Monday, September 29, 2008

EXPECTING A DIFFERENT RESULT

This morning The Washington Post told us what Steve Schmidt of the McCain campaign says his side is going to do to regain the momentum:

Schmidt said the campaign will press two arguments as forcefully as possible in the coming days. One is that Obama is not ready to be commander in chief and that, in a time of two wars, "his policies will make the world more dangerous and America less secure." Second, he said, McCain will argue that, in a time of economic crisis, Obama will raise taxes and spending and "will make our economy worse."

I'm a little bit puzzled by this. Isn't this exactly what the McCain campaign has been doing? Isn't this precisely what isn't working, particularly according to post-debate polls?

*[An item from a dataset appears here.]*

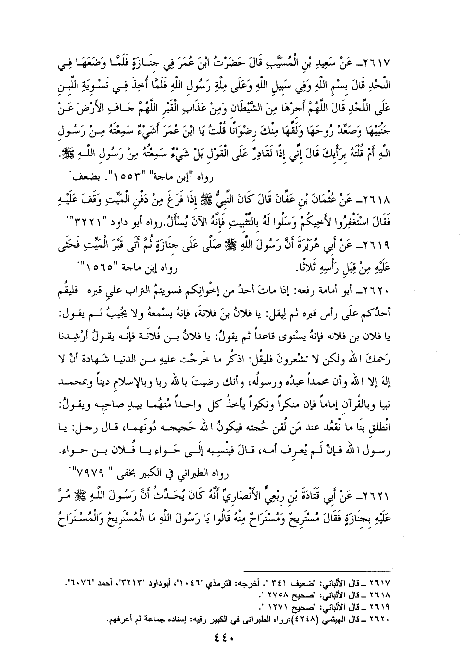 2617 - ابْنُ الْمُسَيَّبِ: حَضَرْتُ ابْنَ عُمَرَ فِي جِنَازَةٍ فَلَمَّا وَضَعَهَا فِي اللَّحْدِ، قَالَ: بِسْمِ الله، وَفِي سَبِيلِ الله، وَعَلَى مِلَّةِ رَسُولِ الله. فَلَمَّا أُخِذَ فِي تَسْوِيَةِ اللَّبِنِ عَلَى اللَّحْدِ قَالَ: اللهمَّ أَجِرْهَا مِنَ الشَّيْطَانِ وَمِنْ عَذَابِ الْقَبْرِ، اللهمَّ جَافِ الأَرْضَ عَنْ جَنْبَيْهَا، وَصَعِّدْ رُوحَهَا، وَلَقِّهَا مِنْكَ رِضْوَانًا قُلْتُ يَا ابْنَ عُمَرَ، أَشَيْءٌ سَمِعْتَهُ مِنْ رَسُولِ الله أَمْ قُلْتَهُ بِرَأْيِكَ؟ قَالَ: إِنِّي إِذًا لَقَادِرٌ عَلَى الْقَوْلِ، بَلْ سَمِعْتُهُ مِنْ رَسُولِ الله - صلى الله عليه وسلم -. للقزويني بضعف (¬1).

But that's the way of the McCain campaign -- when a strategy doesn't seem to be working, or is criticized, the McCain team just sticks with it. Only when it becomes glaringly obvious that the strategy is a millstone does the campaign seem to change course.

Remember how Team McCain kept sending Sarah Palin out to repeat statements about her record ("I said thanks but no thanks") long after they were debunked? And remember McCain's insistence that "the fundamentals of the economy are strong" was a reference to workers,? Nobody believed that, and yet the McCain campaign still has this ad, which startes with McCain saying "You, the American workers, are the best in the world" in heavy rotation on national television -- as if he can't bear to concede that his upbeat talk was a gaffe.

I think these may be signs of a stubbornness, a tendency to dig in heels, that pervades the McCain campaign.

It makes me think that McCain in the last two debates will probably be just as rude and contemptuous as he was in the first one, and will keep trying to argue that Obama "doesn't understand." Common sense suggests he'll change his talking points and his tone, but I'm not so sure. I think he may be too muleheaded to do that.